* _Information provided_
::::

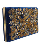 Dolce & Gabbana Blue Velvet Gold Frame Clutch Evening Party Purse Bag
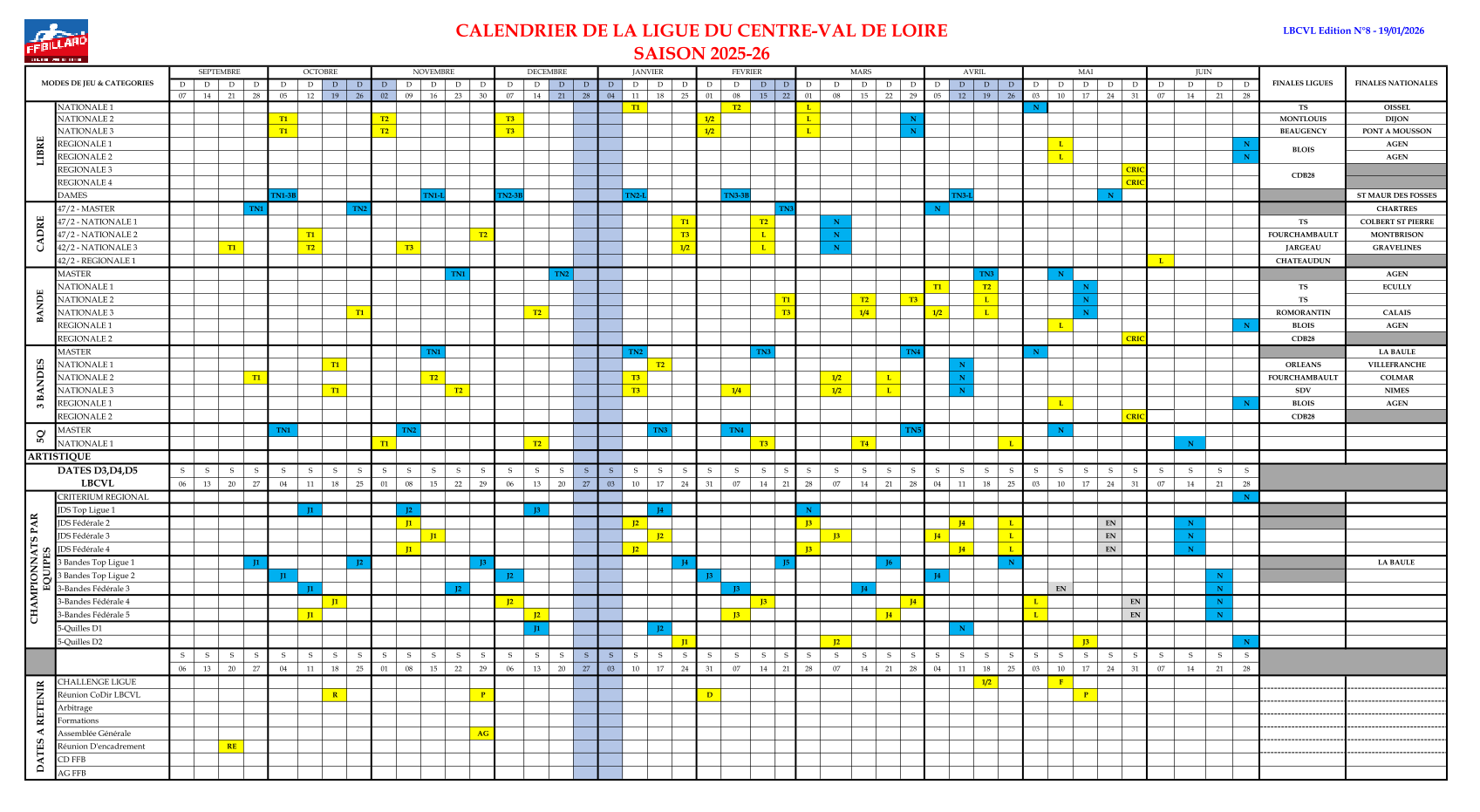 Vous trouverez ci-dessous le calendrier sportif (édition 2), le document sur la réforme des catégories, la demande d'organisation ainsi que les calendriers LBCVL (édition 2) et CDB41 (edition 1).
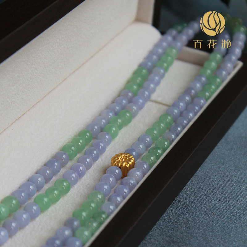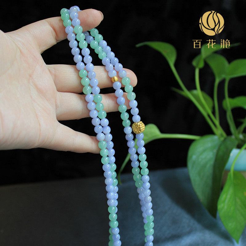 Изумрудное круглое ожерелье из бусинки составляет около 100 см.Диаметр единого шарика составляет 6,5 мм, а фиолетовые и зеленые двойные бальные точки имеют в общей сложности 162 штук.Ледяной и восковые виды, элегантные цвета, аксессуары для цветов персика и матовые бусины - это золотые аксессуары.Все ожерелье элегантно и уникальное, и представлен сертификат оценки авторитетных испытательных агентств.
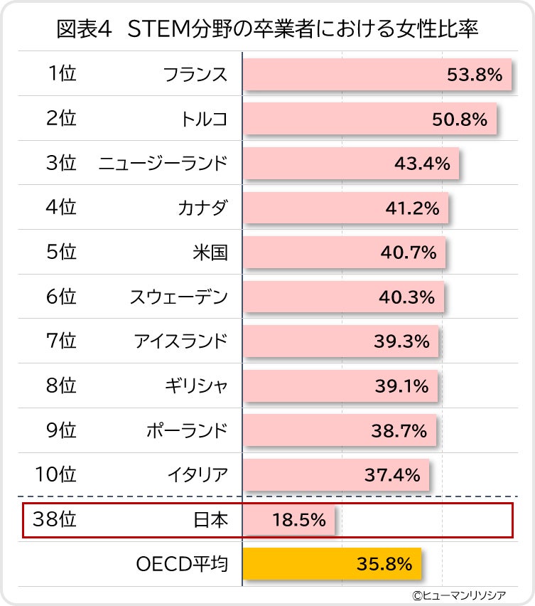 またSTEM分野においては、最も女性比率が高いのはフランスで53.8%、続いて50.8%のトルコ、そして43.4%のニュージーランドとなりました。

::::

* _What is needed_
What is needed is a word-for-word copy of the data above, free of any images.

* _Answer box_
 Dolce & Gabbana Blue Velvet Gold Frame Clutch Evening Party Purse Bag
 Vous trouverez ci-dessous le calendrier sportif (édition 2), le document sur la réforme des catégories, la demande d'organisation ainsi que les calendriers LBCVL (édition 2) et CDB41 (edition 1).
 Изумрудное круглое ожерелье из бусинки составляет около 100 см.Диаметр единого шарика составляет 6,5 мм, а фиолетовые и зеленые двойные бальные точки имеют в общей сложности 162 штук.Ледяной и восковые виды, элегантные цвета, аксессуары для цветов персика и матовые бусины - это золотые аксессуары.Все ожерелье элегантно и уникальное, и представлен сертификат оценки авторитетных испытательных агентств.
 またSTEM分野においては、最も女性比率が高いのはフランスで53.8%、続いて50.8%のトルコ、そして43.4%のニュージーランドとなりました。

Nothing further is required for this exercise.